When teams work remotely, the informal knowledge sharing that happens in an office disappears. You can’t walk over to someone’s desk to debug an issue together. Tribal knowledge about how systems behave becomes harder to maintain.
Observability fills this gap. Well-instrumented systems tell their own story. Here’s how to build observability that supports distributed teams.
The Challenge
What Changes Remotely
Before (co-located):
- “Hey, is the API slow for you too?”
- Tap shoulder, share screen, debug together
- Hallway conversations about system behavior
- Whiteboard sessions when things break
After (distributed):
- Hours before someone notices the problem
- Async debugging through chat messages
- Knowledge siloed in individual heads
- Video calls for collaboration (scheduling overhead)
Why Observability Matters More
Good observability enables:
- Self-service debugging
- Async investigation
- Knowledge preservation
- Faster incident response
The system becomes the source of truth, not tribal knowledge.
Building Observable Systems
The Three Pillars Plus
Classic three pillars:
├── Metrics (aggregated, time-series)
├── Logs (events, context)
└── Traces (request flow)
Additional:
├── Profiling (code-level performance)
├── Events (business-level occurrences)
└── Dashboards (visual understanding)
Metrics That Matter
Focus on actionable metrics:
# RED metrics (request-focused)
rate: requests per second
errors: error rate
duration: request latency (p50, p95, p99)
# USE metrics (resource-focused)
utilization: percentage busy
saturation: queue depth
errors: error count
# Business metrics
orders_per_minute: value delivery
signup_conversion: business health
active_users: engagement
Avoid vanity metrics:
- Server count (unless capacity planning)
- Lines of code
- Number of deployments (without quality context)
Structured Logging
Logs that machines and humans can read:
# Bad: Unstructured
logger.info(f"Processing order {order_id} for user {user_id}")
# Good: Structured
logger.info("Processing order", extra={
"order_id": order_id,
"user_id": user_id,
"amount": order.total,
"items": len(order.items),
"correlation_id": context.correlation_id
})
Output (JSON):
{
"timestamp": "2020-09-14T10:30:00Z",
"level": "INFO",
"message": "Processing order",
"order_id": "12345",
"user_id": "67890",
"amount": 99.99,
"items": 3,
"correlation_id": "abc-123",
"service": "orders",
"environment": "production"
}
Distributed Tracing
Track requests across services:
from opentelemetry import trace
from opentelemetry.trace import Status, StatusCode
tracer = trace.get_tracer(__name__)
def process_order(order_id):
with tracer.start_as_current_span("process_order") as span:
span.set_attribute("order.id", order_id)
# Child span for database
with tracer.start_as_current_span("fetch_order"):
order = db.get_order(order_id)
# Child span for payment
with tracer.start_as_current_span("process_payment"):
payment_result = payment_service.charge(order)
if payment_result.failed:
span.set_status(Status(StatusCode.ERROR))

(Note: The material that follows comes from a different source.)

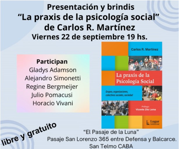 “Se presenta en las librerías del país “La praxis de la psicología social. Grupos, organizaciones, colectivos sociales, sociedad”, de Carlos Martínez. Un trabajo cuyo objetivo es actualizar muchas de los temas de nuestro campo de estudio, con el respaldo de décadas de trabajo científico y militante en el mundo del trabajo y ofreciendo nuevas metodologías de abordajes de las problemáticas psicosociales. El prólogo escrito por Vicente Zito Lema lo describe como “un libro destinado a provocar un verdadero acontecimiento en el fértil campo de la psicología social. Cabeza fría y corazón caliente, decía un gran pensador desde la cárcel. En ese camino va este libro que deja huella en el universo de la psicología social”.
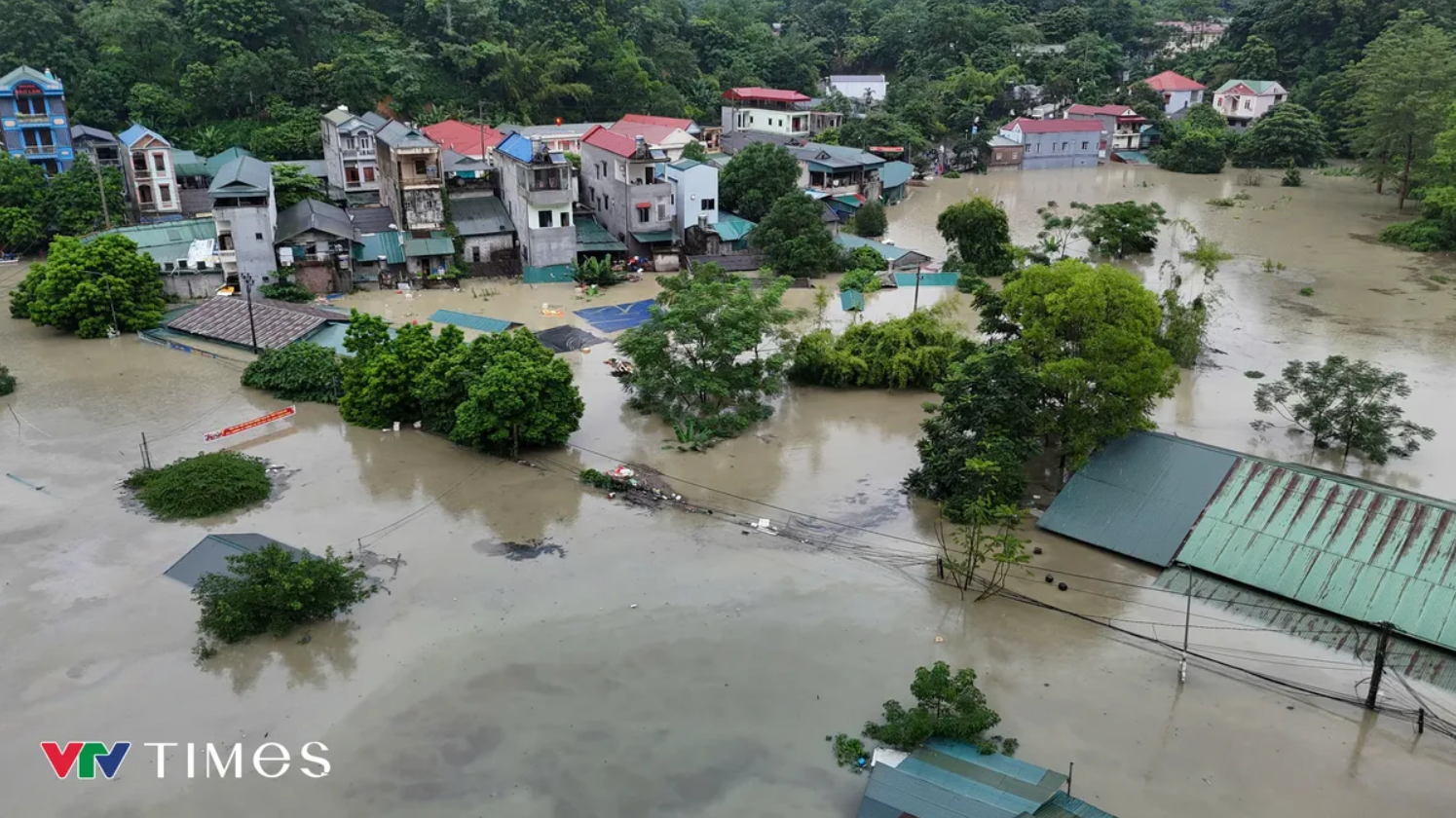 Xã Bảo Lâm, tỉnh Cao Bằng chìm trong biển nước, giao thông bị cô lập. (Ảnh: VTV Times)

span.record_exception(payment_result.error)
return order
Trace visualization shows:
process_order (150ms)
├── fetch_order (20ms)
├── process_payment (100ms)
│ ├── validate_card (10ms)
│ └── charge_card (90ms)
└── update_inventory (30ms)
Self-Service Debugging
Runbooks in Dashboards
Embed troubleshooting guidance:
# Grafana dashboard annotation
panels:
- title: "Error Rate"
description: |
## Troubleshooting High Error Rate
1. Check recent deployments: [Deployment History](link)

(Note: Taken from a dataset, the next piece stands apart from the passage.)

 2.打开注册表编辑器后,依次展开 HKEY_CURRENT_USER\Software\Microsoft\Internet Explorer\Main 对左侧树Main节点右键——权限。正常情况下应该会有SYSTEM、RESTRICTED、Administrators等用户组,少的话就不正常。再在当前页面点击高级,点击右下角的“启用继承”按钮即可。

2. Look for correlated latency increase
3. Check downstream dependencies: [Dependencies Dashboard](link)
4. Review error logs: [Error Logs Query](link)
**On-call escalation**: #platform-oncall
Correlation IDs
Enable request tracing across async channels:
# Include correlation ID everywhere
def api_handler(request):
correlation_id = request.headers.get('X-Correlation-ID', generate_id())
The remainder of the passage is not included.